▶ YOUR INSTRUCTIONS:
Starting at the line that contains "agent for details." and stopping after the line that contains "Map of LSF (−)", transcribe the listing below exactly; do not include any pictures.

▶ PROVIDED RECORDS:

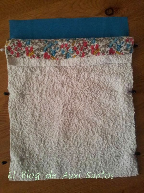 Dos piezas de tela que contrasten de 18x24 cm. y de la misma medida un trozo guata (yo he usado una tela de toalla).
==
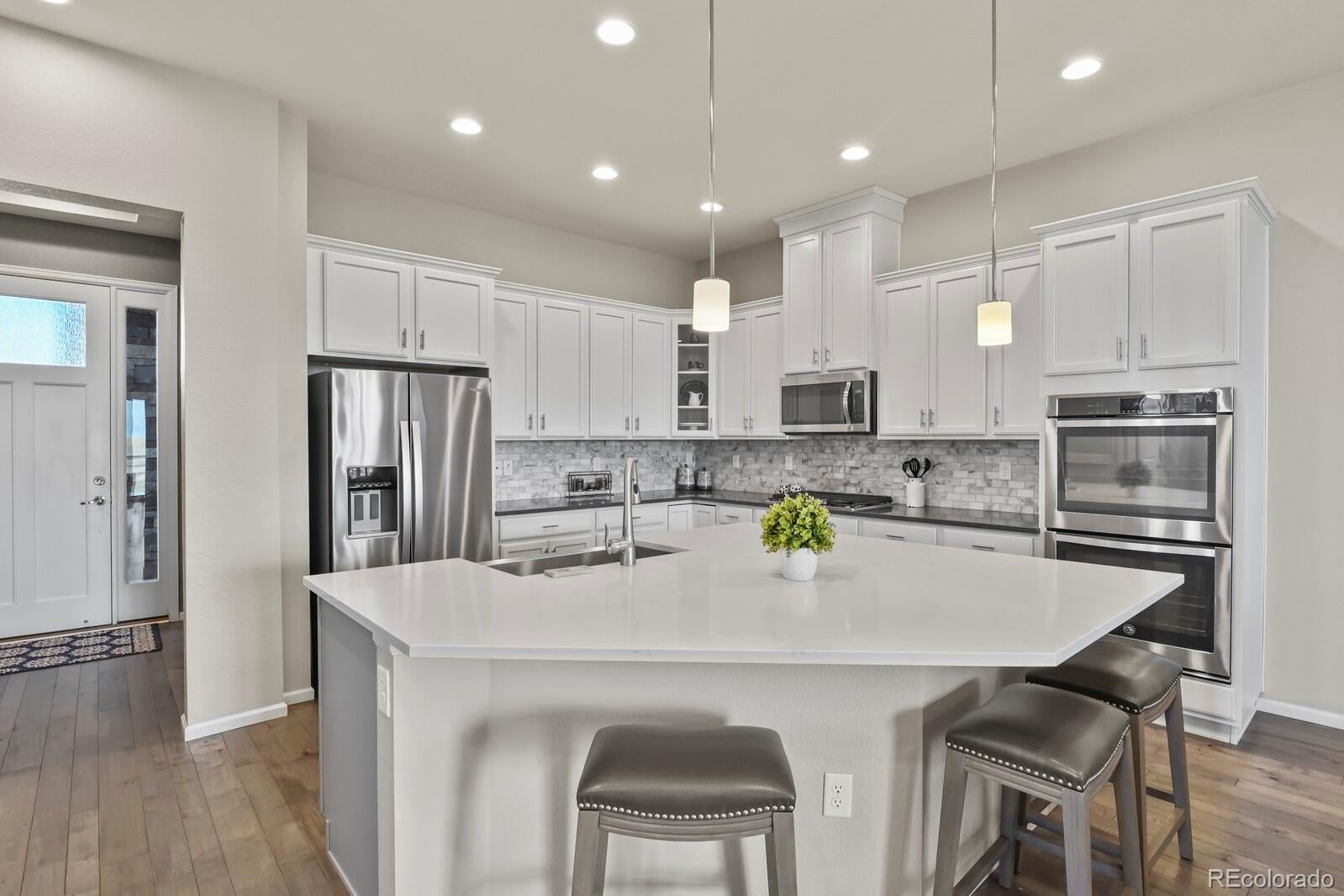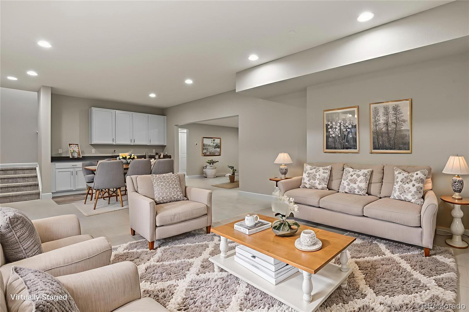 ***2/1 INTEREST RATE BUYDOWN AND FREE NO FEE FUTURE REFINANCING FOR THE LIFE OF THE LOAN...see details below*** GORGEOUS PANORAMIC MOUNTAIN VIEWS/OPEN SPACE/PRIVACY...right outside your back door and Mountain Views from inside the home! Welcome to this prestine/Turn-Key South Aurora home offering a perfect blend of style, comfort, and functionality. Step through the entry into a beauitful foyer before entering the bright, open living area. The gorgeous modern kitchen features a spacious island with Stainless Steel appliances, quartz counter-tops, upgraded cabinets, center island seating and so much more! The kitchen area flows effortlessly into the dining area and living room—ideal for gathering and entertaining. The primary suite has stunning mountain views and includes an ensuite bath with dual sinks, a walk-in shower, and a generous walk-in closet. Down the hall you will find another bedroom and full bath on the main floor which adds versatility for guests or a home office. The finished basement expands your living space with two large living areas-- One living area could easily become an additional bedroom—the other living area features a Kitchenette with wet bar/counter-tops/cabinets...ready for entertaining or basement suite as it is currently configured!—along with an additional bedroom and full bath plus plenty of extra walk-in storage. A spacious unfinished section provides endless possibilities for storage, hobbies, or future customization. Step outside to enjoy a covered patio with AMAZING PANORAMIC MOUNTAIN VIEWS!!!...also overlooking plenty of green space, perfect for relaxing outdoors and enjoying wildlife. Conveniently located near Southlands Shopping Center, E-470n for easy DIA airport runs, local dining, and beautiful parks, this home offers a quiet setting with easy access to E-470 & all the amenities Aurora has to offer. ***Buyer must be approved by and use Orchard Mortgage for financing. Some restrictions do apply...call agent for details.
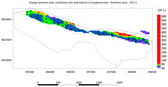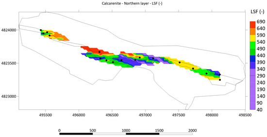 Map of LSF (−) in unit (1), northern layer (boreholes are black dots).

▶ COMPLETED EXERCISE:
 ***2/1 INTEREST RATE BUYDOWN AND FREE NO FEE FUTURE REFINANCING FOR THE LIFE OF THE LOAN...see details below*** GORGEOUS PANORAMIC MOUNTAIN VIEWS/OPEN SPACE/PRIVACY...right outside your back door and Mountain Views from inside the home! Welcome to this prestine/Turn-Key South Aurora home offering a perfect blend of style, comfort, and functionality. Step through the entry into a beauitful foyer before entering the bright, open living area. The gorgeous modern kitchen features a spacious island with Stainless Steel appliances, quartz counter-tops, upgraded cabinets, center island seating and so much more! The kitchen area flows effortlessly into the dining area and living room—ideal for gathering and entertaining. The primary suite has stunning mountain views and includes an ensuite bath with dual sinks, a walk-in shower, and a generous walk-in closet. Down the hall you will find another bedroom and full bath on the main floor which adds versatility for guests or a home office. The finished basement expands your living space with two large living areas-- One living area could easily become an additional bedroom—the other living area features a Kitchenette with wet bar/counter-tops/cabinets...ready for entertaining or basement suite as it is currently configured!—along with an additional bedroom and full bath plus plenty of extra walk-in storage. A spacious unfinished section provides endless possibilities for storage, hobbies, or future customization. Step outside to enjoy a covered patio with AMAZING PANORAMIC MOUNTAIN VIEWS!!!...also overlooking plenty of green space, perfect for relaxing outdoors and enjoying wildlife. Conveniently located near Southlands Shopping Center, E-470n for easy DIA airport runs, local dining, and beautiful parks, this home offers a quiet setting with easy access to E-470 & all the amenities Aurora has to offer. ***Buyer must be approved by and use Orchard Mortgage for financing. Some restrictions do apply...call agent for details.
 Map of LSF (−) in unit (1), northern layer (boreholes are black dots).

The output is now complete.